Мистер Кейсобон во время своей болезни не задал о ней Лидгейту ни единого вопроса, и даже Доротея не подозревала, насколько его мучил страх, что его трудам или самой жизни может наступить внезапный конец. И здесь, как во всем другом, он бежал жалости. Мысль о том, что он, вопреки всем своим усилиям, может стать предметом жалости, уже была мучительной, но вызвать сострадание, откровенно признавшись в своей тревоге или горести, об этом он и подумать не мог. Всем гордым натурам знакомо подобное чувство, и, быть может, пересилить его способно лишь столь глубокое ощущение духовной близости, что всякие попытки оградить себя кажутся мелочными и пошлыми, а не возвышенными.
Однако теперь за молчанием мистера Кейсобона крылись мрачные размышления особого рода, придававшие вопросу о его здоровье и жизни горечь, превосходившую даже горечь осенней незрелости плода всех его трудов. Правда, именно с ними связывались самые честолюбивые его чаяния, но порой авторские усилия приводят главным образом к накоплению тревожных подозрений в сознании самого автора, и мы догадываемся о существовании реки по двум-трем светлым полоскам среди давних отложений топкого ила. Так обстояло дело и с усердными учеными занятиями мистера Кейсобона. Их наиболее явным результатом был не «Ключ ко всем мифологиям», но лишь болезненное сознание, что ему не отдают должного, пусть внешне он пока ничем не блеснул, лишь вечное подозрение, что другие судят о нем отнюдь не лестно, лишь печальное отсутствие страсти в мучительных потугах достичь заветной цели и страстное нежелание признать, что он не достиг ничего.

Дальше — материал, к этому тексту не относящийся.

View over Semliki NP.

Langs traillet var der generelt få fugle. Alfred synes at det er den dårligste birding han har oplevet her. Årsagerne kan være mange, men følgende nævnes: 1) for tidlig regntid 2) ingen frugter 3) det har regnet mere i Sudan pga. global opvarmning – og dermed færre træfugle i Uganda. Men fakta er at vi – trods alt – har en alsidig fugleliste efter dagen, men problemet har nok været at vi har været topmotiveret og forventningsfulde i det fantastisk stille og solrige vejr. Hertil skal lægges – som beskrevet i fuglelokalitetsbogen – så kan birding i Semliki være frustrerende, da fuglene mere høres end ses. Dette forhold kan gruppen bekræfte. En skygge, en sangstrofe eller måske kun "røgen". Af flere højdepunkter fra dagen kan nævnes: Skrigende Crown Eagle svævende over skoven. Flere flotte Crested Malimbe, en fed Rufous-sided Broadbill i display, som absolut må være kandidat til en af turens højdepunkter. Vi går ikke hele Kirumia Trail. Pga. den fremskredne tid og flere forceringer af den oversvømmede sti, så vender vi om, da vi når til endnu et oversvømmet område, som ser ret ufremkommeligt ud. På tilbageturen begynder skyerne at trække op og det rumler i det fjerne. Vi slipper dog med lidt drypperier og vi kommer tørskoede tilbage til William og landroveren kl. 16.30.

Таким образом, его честолюбивые замыслы, которые, по мнению посторонних, полностью поглотили его и высушили, на самом деле нисколько не защищали его от ран, и особенно от ран, наносимых Доротеей. И теперь мысль о возможном будущем несла с собой больше горечи и ожесточения, чем все, что занимало его мысли раньше.

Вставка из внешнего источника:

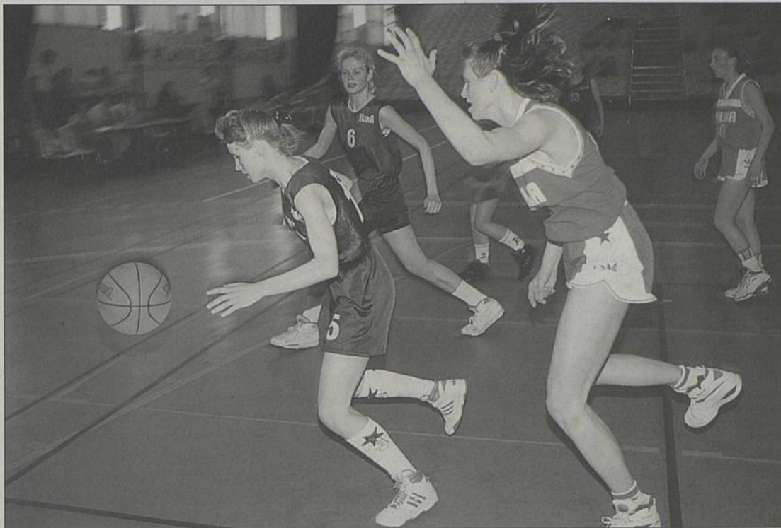
Le tournoi cadettes est organisé par les trois clubs de basket de Rezé (Rezé basket 44, section basket du Cercle Saint-Paul, Amicale laïque de l'Ouche-Dinier) avec le concours de l'Office municipal du sport de Rezé et de la Ville.

La 10 e édition du Rezé Basket International (RBI) aura lieu au gymnase des Citées Unies (Trocardière) le week-end de la Pentecôte. Depuis sa création, le tournoi cadettes a évolué, devenant un événement sportif majeur dans la région.
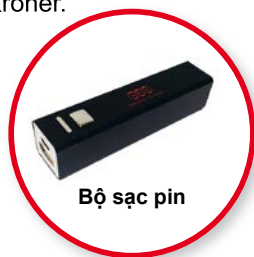
Bộ sạc pin

Tất cả mọi hội viên mới của NNN sẽ nhận được bộ sạc pin của điện thoại di động như món quà chào đón.
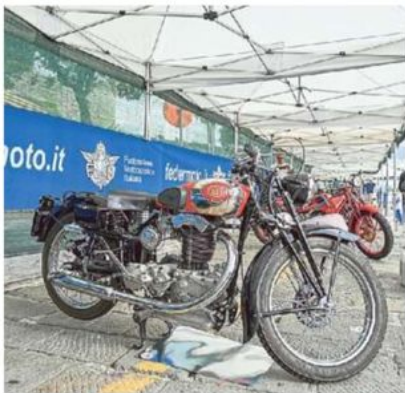
Alcune delle moto che partecipano alla rievocazione
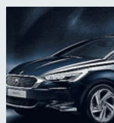
L'ammiraglia Citroën. METRO

AUTO Citroën svela la nuova DS5, ammiraglia che si propone come vettura alto di gamma, in vendita con prezzi compresi tra 30.900 e 47.250 euro. La versione Hybrid sarà in listino a 40.900 euro. Sarà immatricolata in 5 mila unità in Italia entro fine anno. L'offerta a benzina è limitata al

С некоторыми фактами он ничего поделать не мог — с тем, что Уилл Ладислав существует, что он вызывающе поселился около Лоуика, что он с ветреным и оскорбительным пренебрежением относится к обладателям подлинной, надлежаще апробированной эрудиции; с тем, что натура Доротеи пламенно жаждет живой деятельности и самая ее покорность и безропотность порождены столь же пылкими побуждениями, о причинах которых нельзя думать без раздражения; с тем, что у нее появились какие-то свои представления и симпатии, связанные с предметами, которые ему обсуждать с ней немыслимо. Бесспорно, более добродетельной и очаровательной молодой жены, чем Доротея, найти он не мог, но, против всех его Ожиданий, молодая жена оказалась источником забот и мучений. Она преданно ухаживала за ним, она читала ему, предупреждала его желания, бережно считалась с его чувствами, и все-таки в нем крепло убеждение, что она берет на себя смелость судить его и ее супружеская преданность нечто вроде епитимьи, которую она возлагает на себя для искупления неверия и которая не мешает ей сравнивать и понимать, какое место он и все сделанное им занимают в общей совокупности вещей. Его недовольство, словно пары тумана, проскальзывало сквозь все ее ласковые заботы и сосредоточивалось на не ценящем его мире, который из-за нее придвигался ближе.
Бедный мистер Кейсобон! Это страдание было тем труднее переносить, что отношение Доротеи представлялось ему изменой: юное создание, поклонявшееся ему с неколебимым доверием, быстро превратилось в жену, готовую его судить. Робкие попытки критиковать и не соглашаться так на него подействовали, что ни нежность, ни послушание не могли загладить их. Его подозрительность истолковывала молчание Доротеи как скрытый бунт; всякое ее неожиданное суждение выглядело в его глазах сознательным утверждением своего превосходства, в ее кротких ответах чудилась раздражающая снисходительность, а если она соглашалась с ним, то лишь потому, что ей нравилось выставлять напоказ свою терпимость. Упорство, с каким он старался скрывать эту внутреннюю драму, придавало ей новую убедительность. Так мы особенно хорошо слышим то, что не считаем предназначенным для чужих ушей.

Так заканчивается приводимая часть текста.